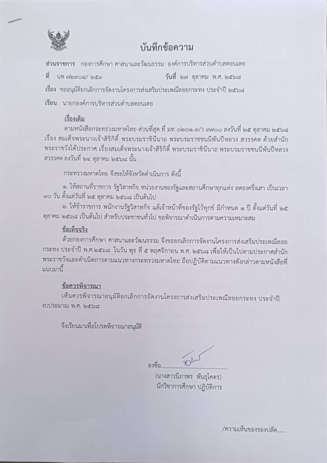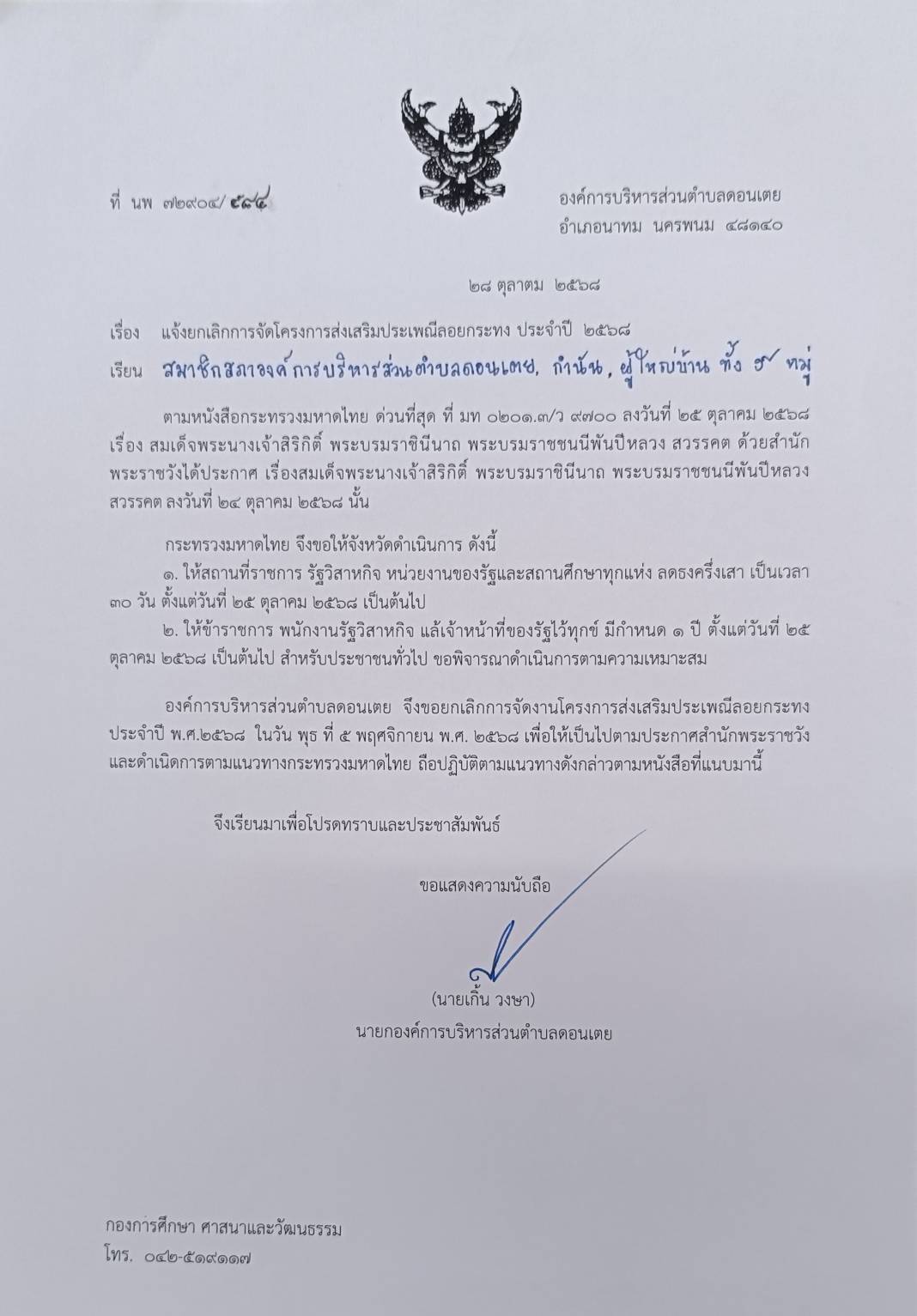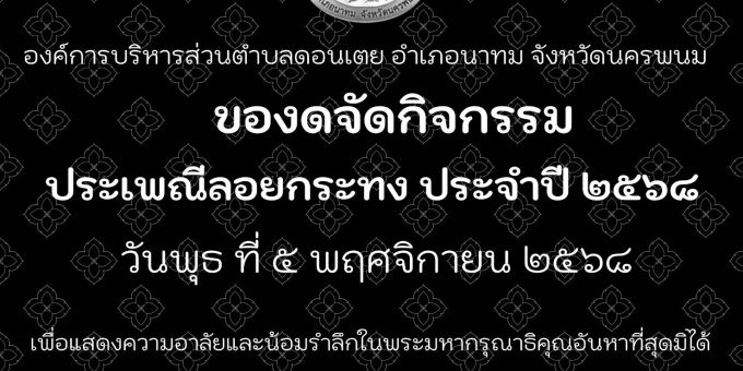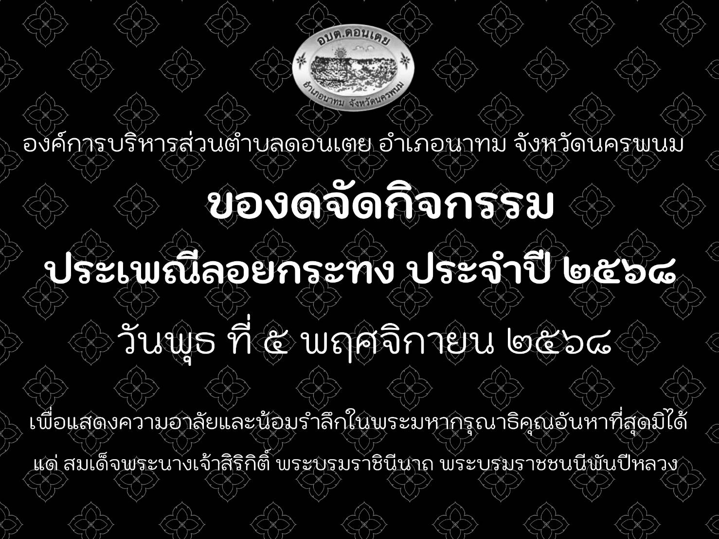 องค์การบริหารส่วนตำบลดอนเตย อำเภอนาทม จังหวัดนครพนม ของดจัดกิจกรรม ประเพณีลอยกระทง ประจำปี ๒๕๖๘ วันพุธ ที่ ๕ พฤศจิกายน ๒๕๖๘ เพื่อแสดงความอาลัยและน้อมรำลึกในพระมหากรุณาธิคุณอันหาที่สุดมิได้ แต่ สมเด็จพระนางเจ้าสิริกิติ์ พระบรมราชินีนาถ พระบรมราชชนนีพันปีหลวง
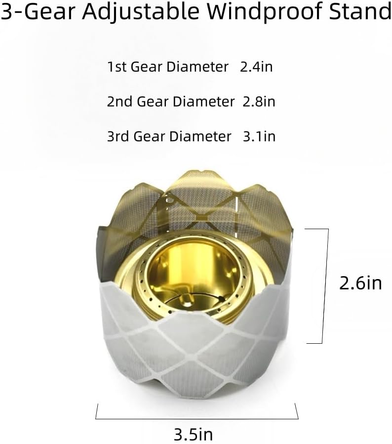 Efficient Windproof Heating Design The included stainless steel windscreen effectively blocks outdoor wind interference, preventing reduced heating efficiency caused by flame wobble. When paired with the alcohol stove stand, it stably supports the alcohol camping stove, ensuring concentrated flames and faster heating. Even in complex windy outdoor conditions, it can efficiently complete cooking or water-boiling tasks.
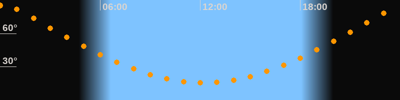 Höchster Stand (Kulmination)00:10 Uhr (h = 85,7°)
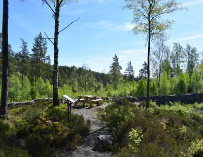 I området finns flera bänkar för picknick och grillplats. Parkeringen finns mellan Marieholm och Skärvhult, sväng in vid skylten "Saxhyttan".
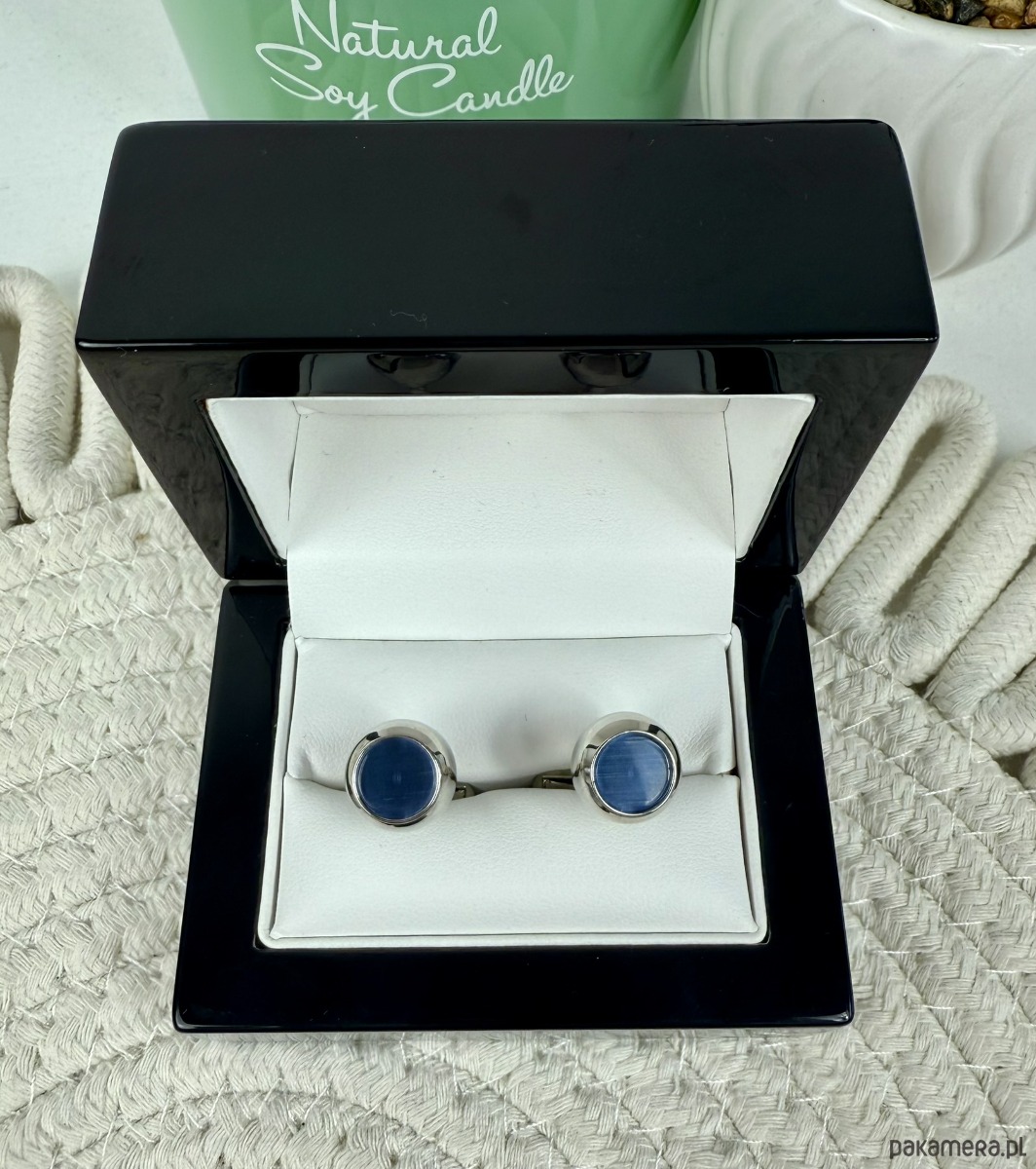 Spinki zapakowane w drewniane pudełko wykończone na wysoki połysk
++++++
* [EXERCISE]:
Everything in the records above except the pictures is to be reproduced word for word.

* [RESULT FOR THIS TASK]:
 องค์การบริหารส่วนตำบลดอนเตย อำเภอนาทม จังหวัดนครพนม ของดจัดกิจกรรม ประเพณีลอยกระทง ประจำปี ๒๕๖๘ วันพุธ ที่ ๕ พฤศจิกายน ๒๕๖๘ เพื่อแสดงความอาลัยและน้อมรำลึกในพระมหากรุณาธิคุณอันหาที่สุดมิได้ แต่ สมเด็จพระนางเจ้าสิริกิติ์ พระบรมราชินีนาถ พระบรมราชชนนีพันปีหลวง
 Efficient Windproof Heating Design The included stainless steel windscreen effectively blocks outdoor wind interference, preventing reduced heating efficiency caused by flame wobble. When paired with the alcohol stove stand, it stably supports the alcohol camping stove, ensuring concentrated flames and faster heating. Even in complex windy outdoor conditions, it can efficiently complete cooking or water-boiling tasks.
 Höchster Stand (Kulmination)00:10 Uhr (h = 85,7°)
 I området finns flera bänkar för picknick och grillplats. Parkeringen finns mellan Marieholm och Skärvhult, sväng in vid skylten "Saxhyttan".
 Spinki zapakowane w drewniane pudełko wykończone na wysoki połysk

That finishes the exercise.